> What the exercise asks: Transcribe the data underneath exactly. No images belong in your version.

> Data segment:
"""

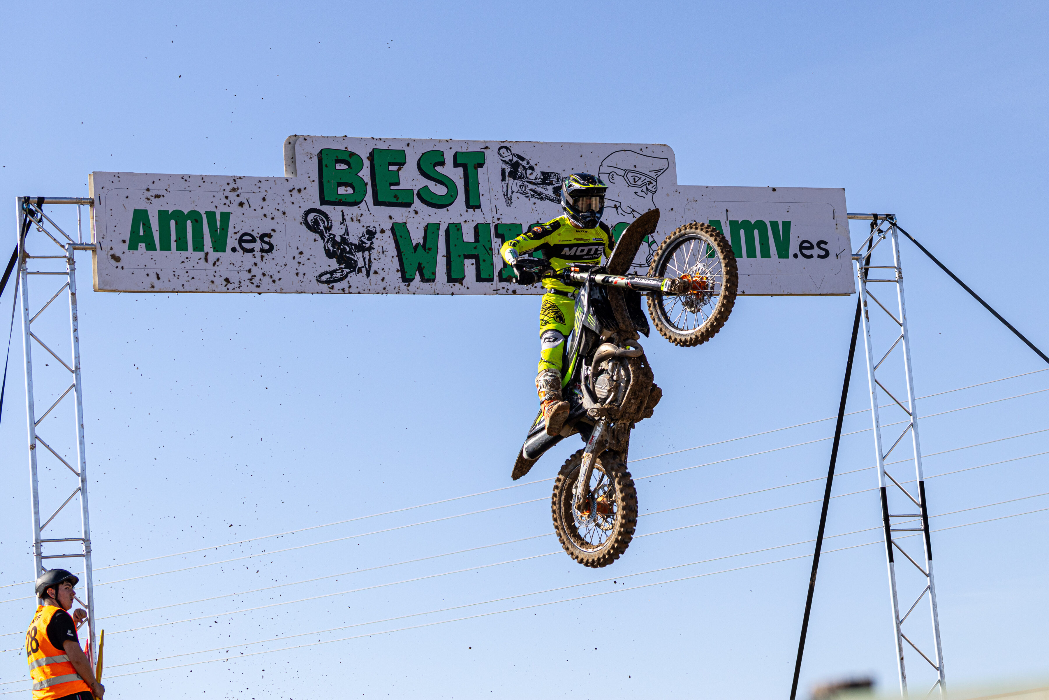 Victoria para José Antonio Butrón en la primera manga de MX1, que lideró la carrera tras adelantar a Carlos Campano que había logrado el holeshot. Ander Valentín termina en segunda posición y se queda a tres puntos de ventaja sobre el de TRT Motorcycles. Gerard Congost estuvo cerca de adelantar a Ander y complicarle las cosas en la lucha por el título, pero Valentín logró aguantar el empuje de Congost para terminar por delante de él.
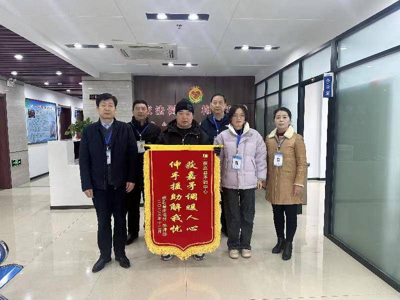 12月21日,获嘉县位庄乡居民刘某来到获嘉县矛调中心,送上一面“获嘉矛调暖人心 伸手援助解我忧”的锦旗,对老同志们调解其母亲意外摔伤赔偿一案的辛勤付出表示感谢。
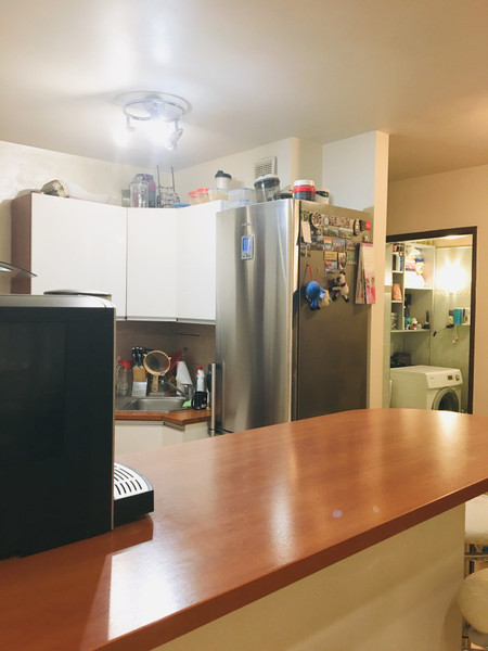 w kuchni: lodówka, zmywarka, kuchenka mikrofalowa, meble w zabudowie,

"""

> Expected answer:
 Victoria para José Antonio Butrón en la primera manga de MX1, que lideró la carrera tras adelantar a Carlos Campano que había logrado el holeshot. Ander Valentín termina en segunda posición y se queda a tres puntos de ventaja sobre el de TRT Motorcycles. Gerard Congost estuvo cerca de adelantar a Ander y complicarle las cosas en la lucha por el título, pero Valentín logró aguantar el empuje de Congost para terminar por delante de él.
 12月21日,获嘉县位庄乡居民刘某来到获嘉县矛调中心,送上一面“获嘉矛调暖人心 伸手援助解我忧”的锦旗,对老同志们调解其母亲意外摔伤赔偿一案的辛勤付出表示感谢。
 w kuchni: lodówka, zmywarka, kuchenka mikrofalowa, meble w zabudowie,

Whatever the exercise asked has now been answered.